Syntax colouring – the annotation of source code with different colours for keywords and other syntactic tokens – has become standard in just about all development environments. Yet, it often does not make sense.
I don’t mean to say that it does not make sense at all to use colour to annotate source code. On the contrary. What I am saying is that almost all syntax colouring systems colour the wrong things.
Let’s have a look at what syntax colouring systems typically do, why it is not useful, and what they should be doing instead.
To get started, let’s have a look at what the syntax colouring looks like in BlueJ today. BlueJ’s colouring is quite typical compared to other systems, so most of what we’re discussing here applies equally to any other environment.
Example 1 – Syntax colouring today
The following is a bit of source code as presented in BlueJ’s editor:
As we can see, the syntax highlighter distinguished several classes of tokens:
• javadoc comments – blue
• other comments – although the colour is so similar to the javadoc comments that it is hard to distinguish
• strings – green
• keyword class 1 (abstract, private, public, if, else, etc.) – dark red
• keyword class 2 (class, int, and a few others) – bright red
• keyword class 3 (super, null, this, etc.) – light blue
Reflection – what does syntax colouring do?

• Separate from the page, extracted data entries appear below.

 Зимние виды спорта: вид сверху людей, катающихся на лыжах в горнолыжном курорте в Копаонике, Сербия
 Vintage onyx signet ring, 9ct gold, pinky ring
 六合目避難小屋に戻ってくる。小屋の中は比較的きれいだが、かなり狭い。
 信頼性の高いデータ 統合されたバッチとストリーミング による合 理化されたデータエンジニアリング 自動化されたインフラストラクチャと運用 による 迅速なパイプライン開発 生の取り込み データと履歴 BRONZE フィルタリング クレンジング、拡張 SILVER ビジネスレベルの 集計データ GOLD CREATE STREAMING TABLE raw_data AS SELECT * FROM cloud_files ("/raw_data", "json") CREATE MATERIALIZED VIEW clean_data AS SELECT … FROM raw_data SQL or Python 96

The general problem with this is that the distinction is based on lexical considerations, rather than structural reasoning. I will use the terms lexical syntax colouring for what is currently done and structural syntax colouring for what it should be.

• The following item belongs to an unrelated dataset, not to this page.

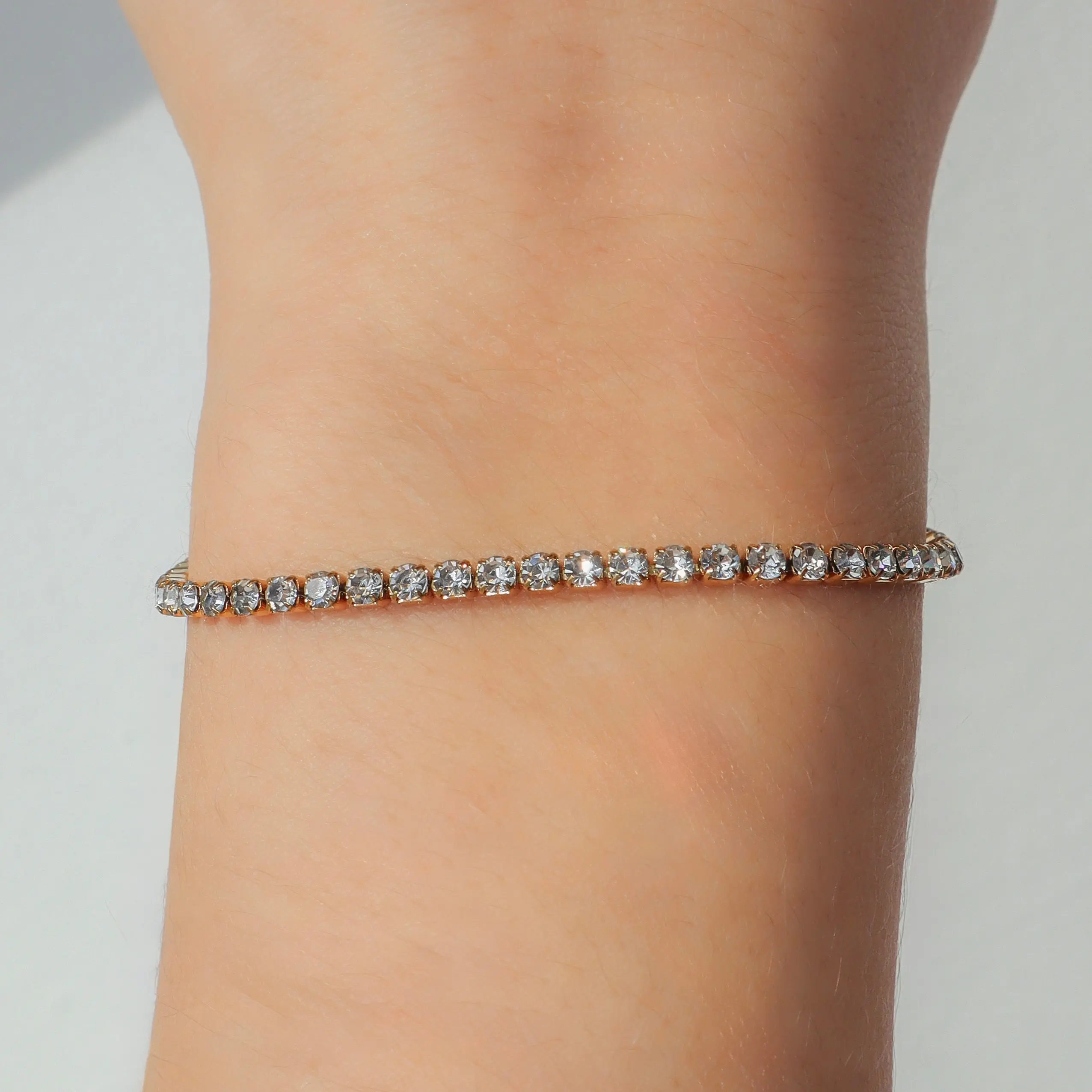 A slim gold tennis bracelet featuring sparkling round stones. Dainty and elegant, this timeless bracelet is perfect for stacking or wearing solo for subtle everyday shine.
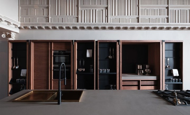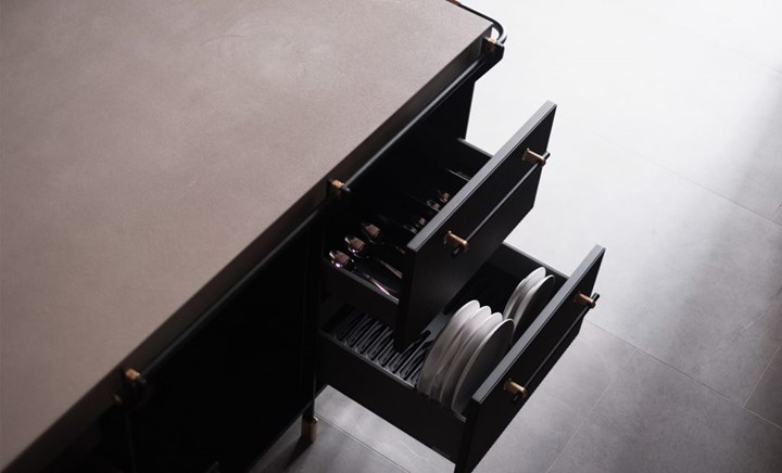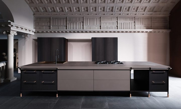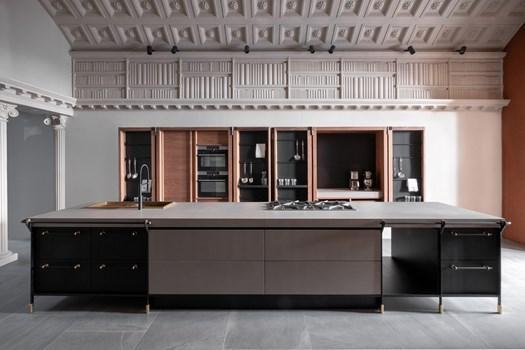 Кухня Canossa от Scic - это многослойный дизайн, в котором каждый элемент продуман до мелочей. Использование камня, дерева, латуни и черного эмалированного железа создает гармонию и элегантность.

Lexical syntax colouring is based on information directly derived from a lexical analyser. The source character stream is divided into tokens, and those tokens are sorted into classes. Colour is then assigned to classes of tokens.
The problem with this is that some of the lexical token classes are of little value to make the source code more readable for a programmer.
Why, for example, is the word ‘int’ coloured red in the field declarations, but ‘String’ is not? Why does ‘abstract’ have another colour than ‘class’? Why is ‘public’ in the method header the same colour as ‘return’ in its body – are they somehow related? Why is ‘super’ different?
We should approach this question by asking ourselves what the purpose of syntax colouring is.
In my view, that purpose of syntax colouring is to make source code more readable to programmers. The way it can achieve this, is by making the code structure more obvious.
Does the colouring above do this? Well, partly yes, partly no.
The one aspect where this succeeds in the above example is the distinct presentation of javadoc comments. This helps a lot separating the comment from the implementation, and also in separating methods from each other. But this is rather coincidental: it works, because a lexical token coincides with a logical structure.
The colouring of different keyword classes, for example, is not especially helpful.
What should syntax colouring do?
Structural syntax colouring would use colour much more explicitly to emphasise the logical structure of the code, instead of the lexical structure. Interesting structural tasks are:
• separating interface from implementation
• separating comments from code
• separating elements of a class (fields, constructors, methods)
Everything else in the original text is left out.